* **Action item**:
The reply must contain exactly the lines below from the one with "Elegant barn wedding" down to the one with "Bu siyah Midi", both included, and nothing more; please omit the pictures.

* **Record set**:
===

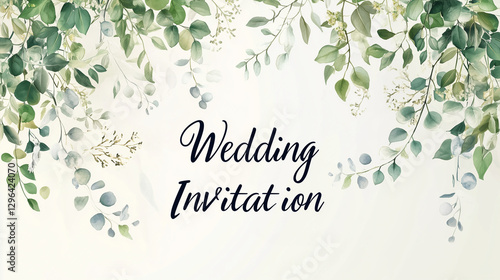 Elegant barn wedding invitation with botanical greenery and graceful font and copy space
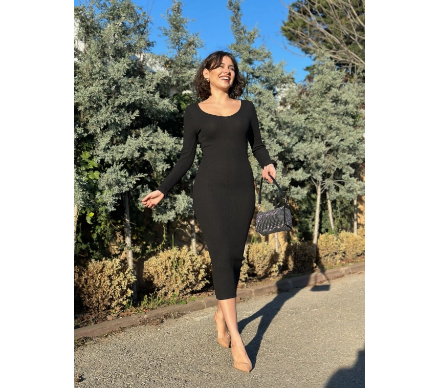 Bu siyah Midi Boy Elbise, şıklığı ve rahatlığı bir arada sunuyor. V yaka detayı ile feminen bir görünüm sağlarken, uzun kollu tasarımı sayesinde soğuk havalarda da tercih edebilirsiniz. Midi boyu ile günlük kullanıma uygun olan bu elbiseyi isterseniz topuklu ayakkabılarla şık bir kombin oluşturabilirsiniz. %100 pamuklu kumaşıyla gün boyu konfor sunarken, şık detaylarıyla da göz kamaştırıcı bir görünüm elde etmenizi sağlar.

===

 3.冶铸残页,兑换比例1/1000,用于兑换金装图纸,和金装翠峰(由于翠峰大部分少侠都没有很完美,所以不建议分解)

===

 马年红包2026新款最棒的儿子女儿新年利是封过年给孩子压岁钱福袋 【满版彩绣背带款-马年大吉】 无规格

===

* **Result**:
 Elegant barn wedding invitation with botanical greenery and graceful font and copy space
 Bu siyah Midi Boy Elbise, şıklığı ve rahatlığı bir arada sunuyor. V yaka detayı ile feminen bir görünüm sağlarken, uzun kollu tasarımı sayesinde soğuk havalarda da tercih edebilirsiniz. Midi boyu ile günlük kullanıma uygun olan bu elbiseyi isterseniz topuklu ayakkabılarla şık bir kombin oluşturabilirsiniz. %100 pamuklu kumaşıyla gün boyu konfor sunarken, şık detaylarıyla da göz kamaştırıcı bir görünüm elde etmenizi sağlar.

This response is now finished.